I have written my views on these selected verses from Psalm 104 twice before, when they were sung in Years A and B. Those commentaries can be viewed by clicking on these links: “Pentecost Sunday 2020 – Part III (Psalm 104)” and “Harpooning the Leviathan” (2021). Both do well in explaining the words of David. Rather than restate what has been written before, I will only focus now on how this song of praise relates to the Year C readings that accompany it, as the grand finale to the Easter season.

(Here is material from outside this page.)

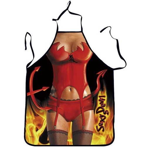Practical kitchen aprons with a fun print that will entertain your friends in the kitchen and at barbecues.
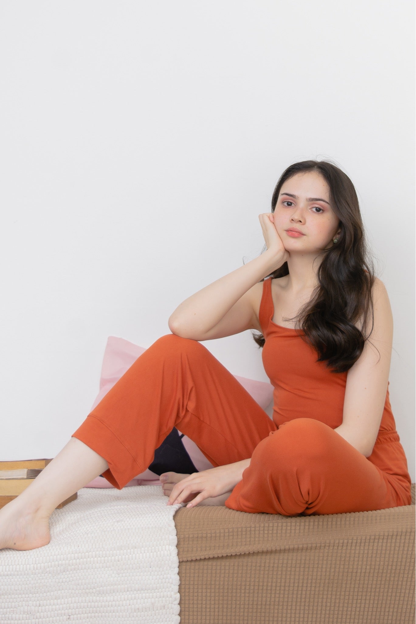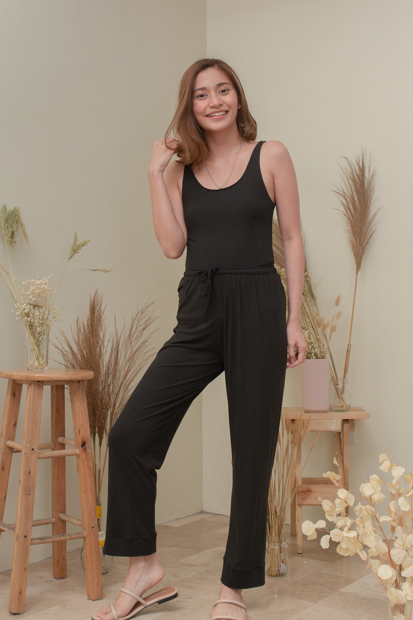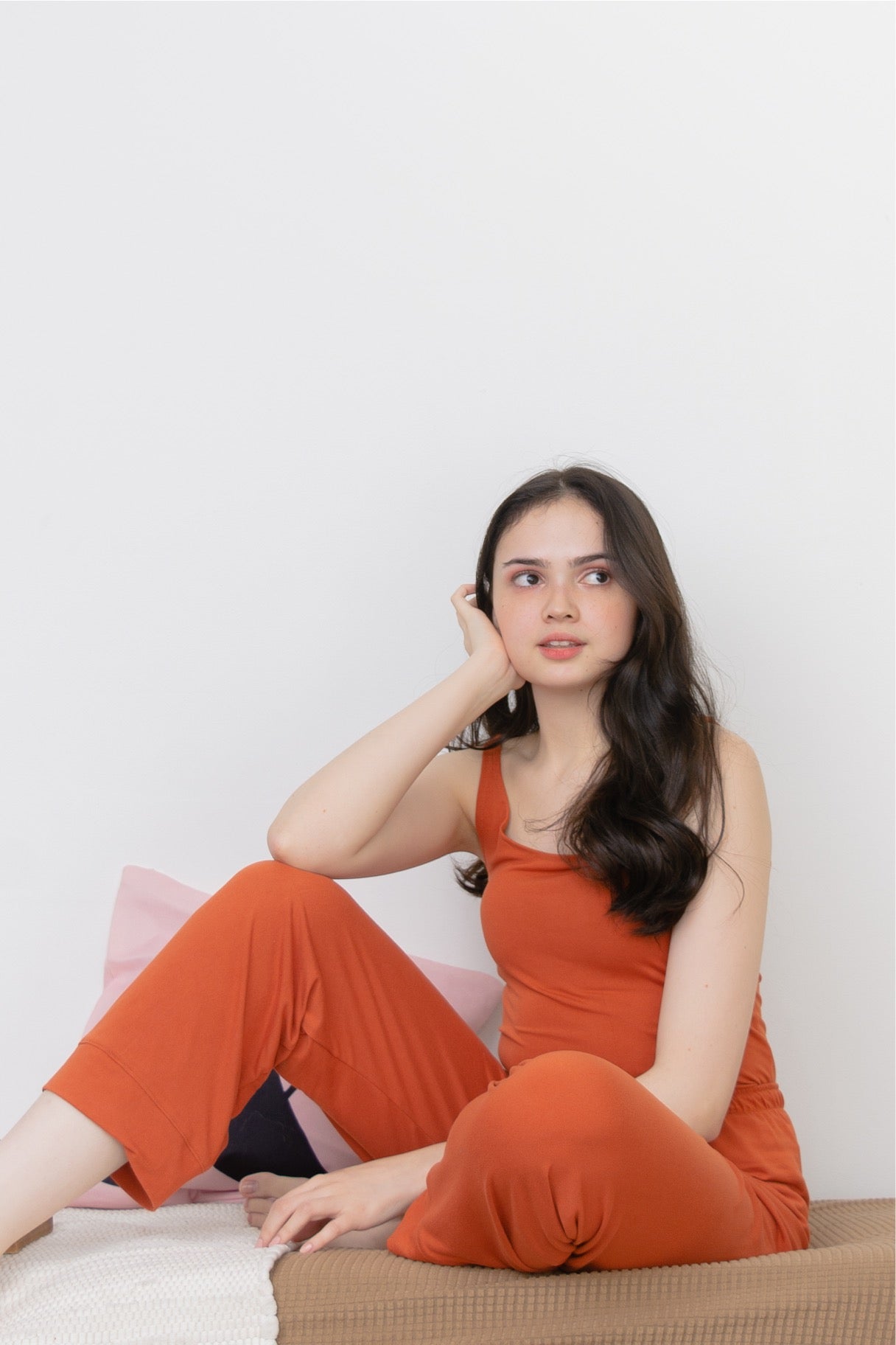 A two-piece woven lounge set featuring a relaxed cami with a scoop neckline and a matching pair of pants featuring elasticized waist with self-tie drawstring fastening.

The three unique reading selections for Pentecost Year C are those from: Genesis 11; Romans 8; and, John 14. Two of those three will be read aloud, along with the standards from Acts 2 and this Psalm 104. The Genesis reading places focus on the tendency of mankind to fall away from Yahweh, no matter how closely related they are by physical blood (lineage) to most holy men. The ones of Genesis 11 are all descendants of Noah; but they are headstrong for a self-identity that rejects a life devoted to serving Yahweh. That is until they realize the errors of their ways of self. The key words to understand in that reading are when we read “Yahweh descended.” This is relative to the Spirit made by Yahweh to possess souls (His Son – Adam-Jesus), who would confuse the brains of those who thought they knew it all, in a similar manner that Jesus confused the thinking of the Temple elite in Jerusalem.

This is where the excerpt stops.